* [Task description]: All entries are to be printed again exactly, with their images omitted.
____
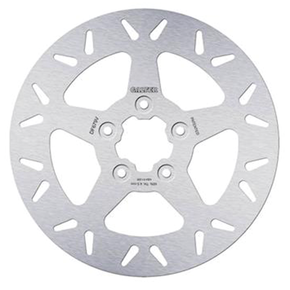 Fits front on all Sportster, Dyna, Softail, Touring & FXR 1984-1999 Disc has 11 1/2″ outer diameter, 2″ inner diameter and five 5/16″ counterbore mounting holes on a 3 1/4″ bolt circle, Round fixed disc
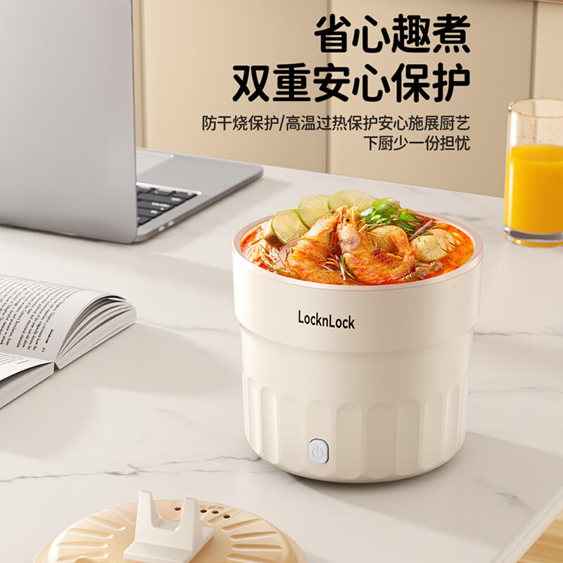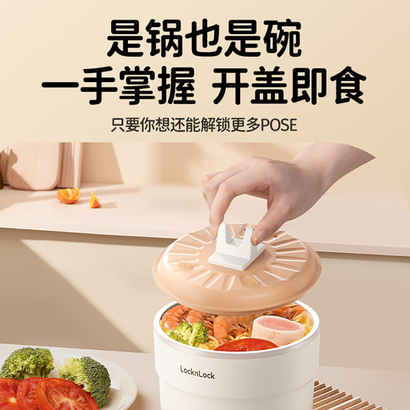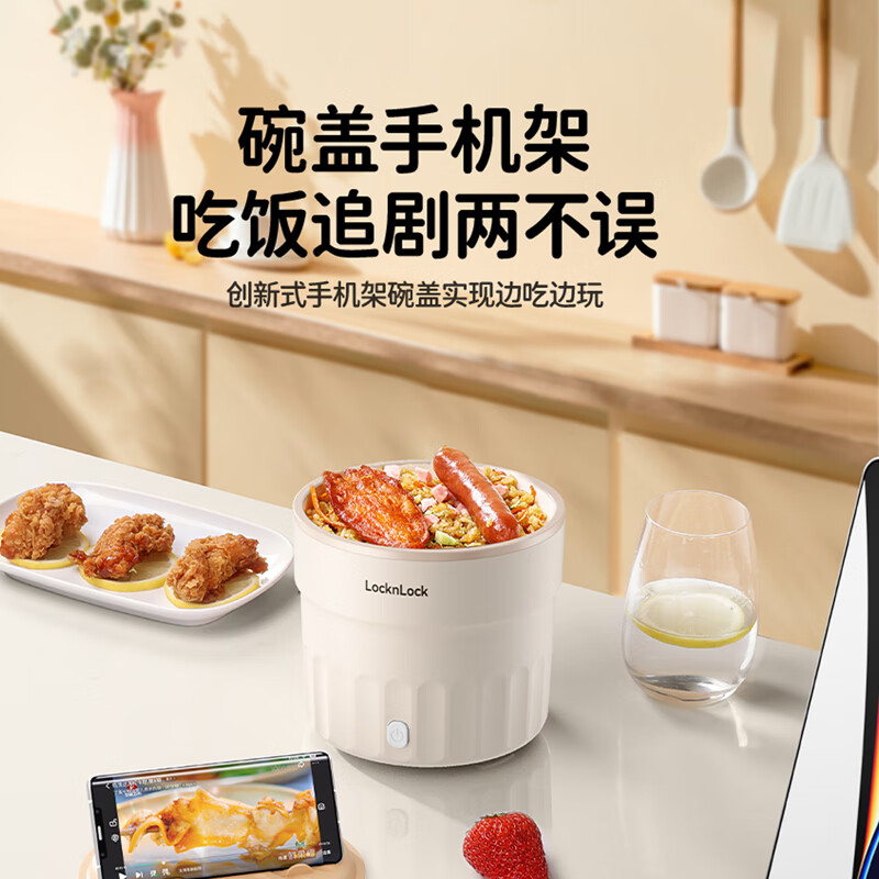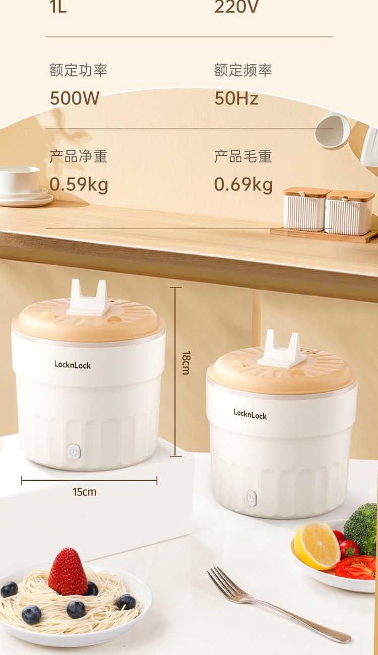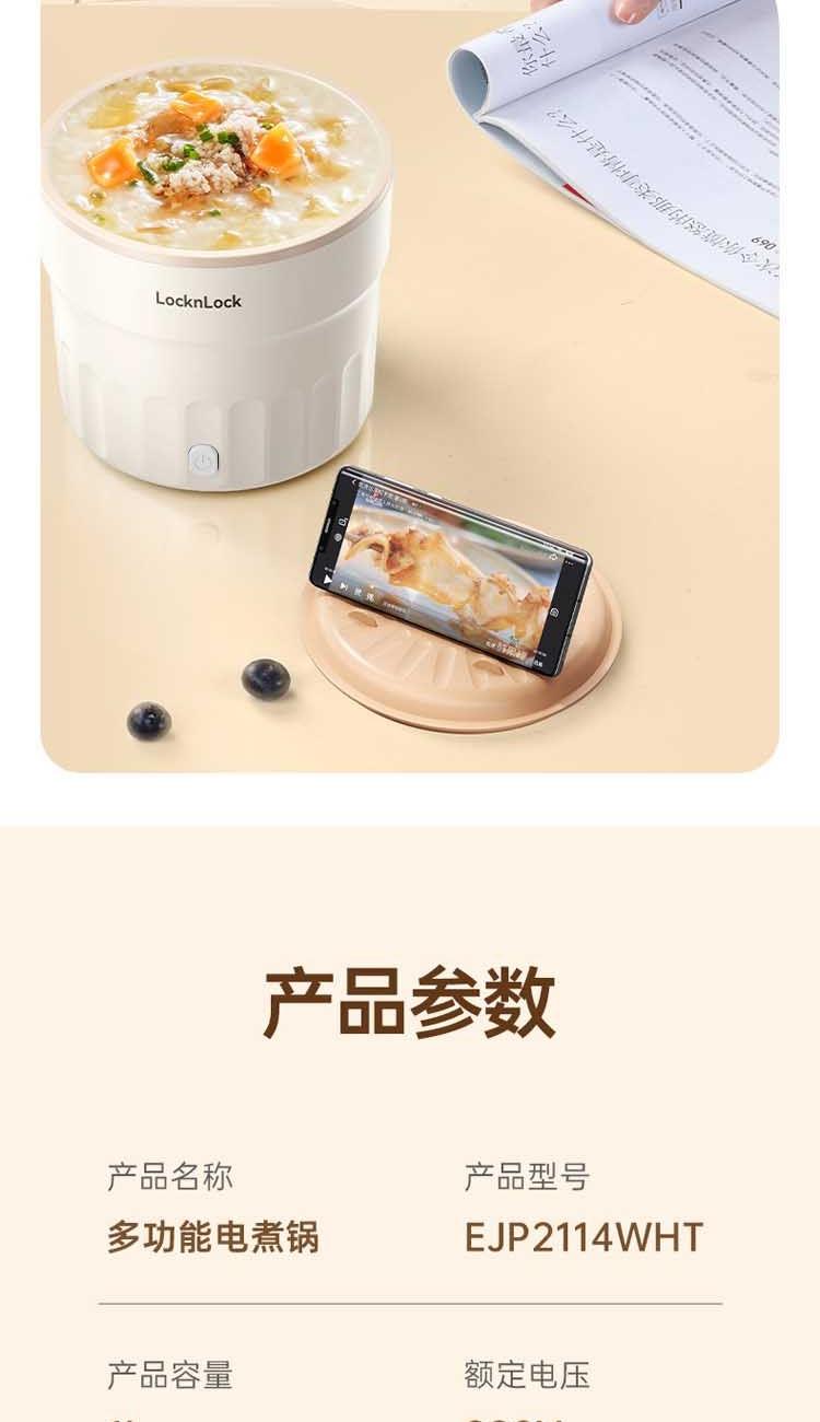 防烫隔热,耐用装满也能轻松提起 不粘内胆,采用陶瓷釉内胆,易清洁 1升加深锅体设计,可满足1人至多人份量 500W速煮功率,涮煮焖炖,美味快速搞定 一机多用,锅盖可变身手机支架
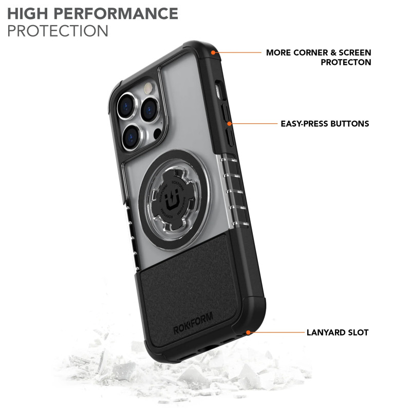 ALL NEW iPhone 14 Pro Max Crystal Case Show Your Colors: The latest generation of the ROKFORM Crystal Series case for the iPhone 14 Pro Max is here. Building on one of our best-selling cases, you can now see more of your iPhone 14 Pro Max without sacrificing protection. Extra strength MagSafe® compatible magnet array provides a mind-blowingly powerful hold to all MagSafe® accessories and any magnetic surface. The integrated RokLock® mount allows for fast and secure mounting on bikes, motorcycles, cars, and more. The all-new iPhone 14 Pro Max Crystal series case provides 360-degree military-grade drop protection, tough Crystal-clear polycarbonate to show off the color of your new iPhone®, and a slim feel that easily slides in and out of your pocket.
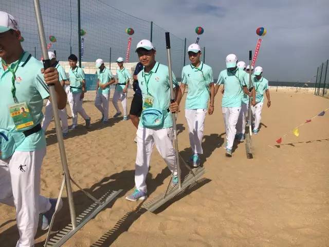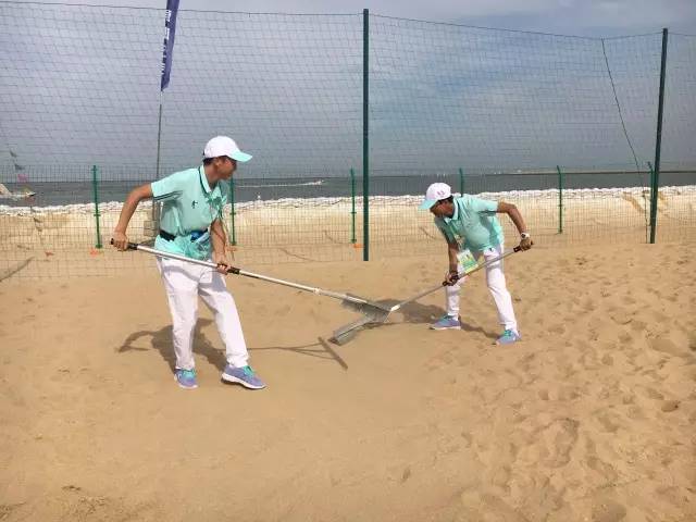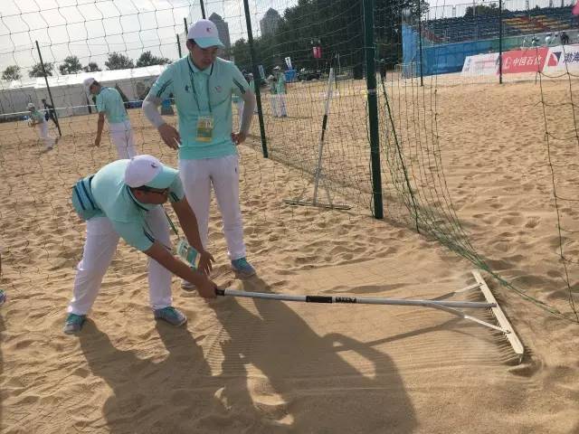 天津科技大学的志愿者们在清理沙滩排球比赛场地,烈日当空,志愿者们依旧进行着自己的工作。美丽的小姐姐也被晒黑了,但是自信灿烂的笑容依旧是她美丽的资本!
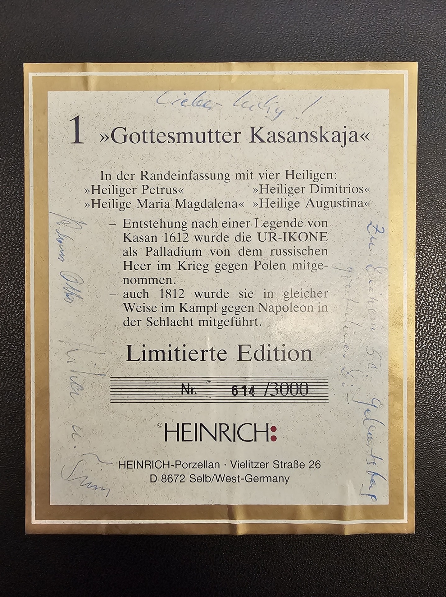Piesa face parte dintr-o ediție limitată la 3000 de exemplare, aceasta fiind numerotată 614 / 3000.
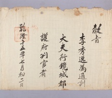 고문서-교령류-고신 정치·행정-임면-고신 79책 구미 옥산 인동장씨 여헌 장현광 종가편-고문서-교령류-고신 1751년 장수륜(張壽崙) 고신(告身) 장수륜 이조 1751 한성 낱장 1장 종이 한자 79 고문서 1. 교령류 (3) 고신 고신 고신 185 120 079_ -
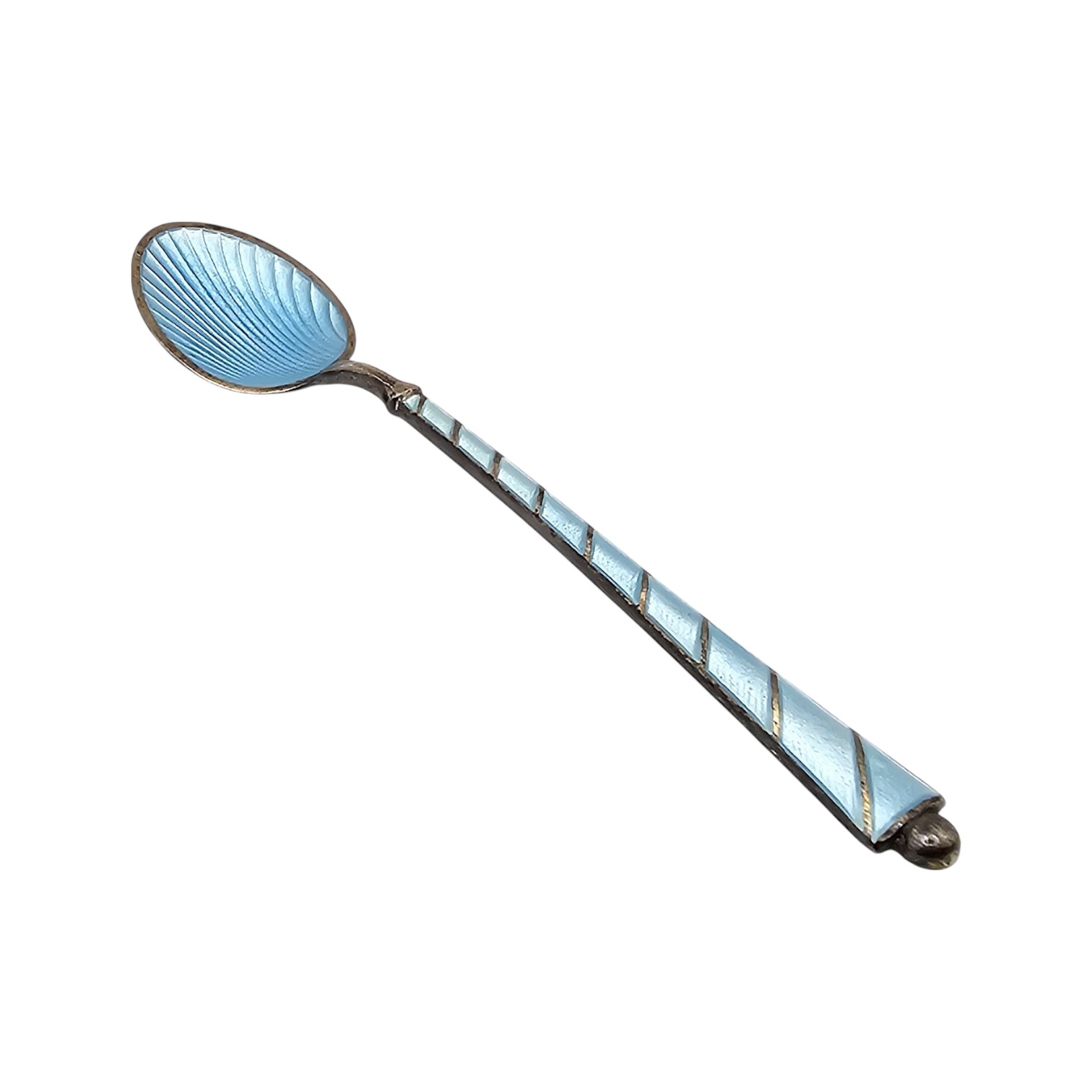 Eld Denmark Guilloche Enamel Sterling Silver Light Blue Spoon 8.3 G
____
* [Exercise result]:
 Fits front on all Sportster, Dyna, Softail, Touring & FXR 1984-1999 Disc has 11 1/2″ outer diameter, 2″ inner diameter and five 5/16″ counterbore mounting holes on a 3 1/4″ bolt circle, Round fixed disc
 防烫隔热,耐用装满也能轻松提起 不粘内胆,采用陶瓷釉内胆,易清洁 1升加深锅体设计,可满足1人至多人份量 500W速煮功率,涮煮焖炖,美味快速搞定 一机多用,锅盖可变身手机支架
 ALL NEW iPhone 14 Pro Max Crystal Case Show Your Colors: The latest generation of the ROKFORM Crystal Series case for the iPhone 14 Pro Max is here. Building on one of our best-selling cases, you can now see more of your iPhone 14 Pro Max without sacrificing protection. Extra strength MagSafe® compatible magnet array provides a mind-blowingly powerful hold to all MagSafe® accessories and any magnetic surface. The integrated RokLock® mount allows for fast and secure mounting on bikes, motorcycles, cars, and more. The all-new iPhone 14 Pro Max Crystal series case provides 360-degree military-grade drop protection, tough Crystal-clear polycarbonate to show off the color of your new iPhone®, and a slim feel that easily slides in and out of your pocket.
 天津科技大学的志愿者们在清理沙滩排球比赛场地,烈日当空,志愿者们依旧进行着自己的工作。美丽的小姐姐也被晒黑了,但是自信灿烂的笑容依旧是她美丽的资本!
Piesa face parte dintr-o ediție limitată la 3000 de exemplare, aceasta fiind numerotată 614 / 3000.
 고문서-교령류-고신 정치·행정-임면-고신 79책 구미 옥산 인동장씨 여헌 장현광 종가편-고문서-교령류-고신 1751년 장수륜(張壽崙) 고신(告身) 장수륜 이조 1751 한성 낱장 1장 종이 한자 79 고문서 1. 교령류 (3) 고신 고신 고신 185 120 079_ -
 Eld Denmark Guilloche Enamel Sterling Silver Light Blue Spoon 8.3 G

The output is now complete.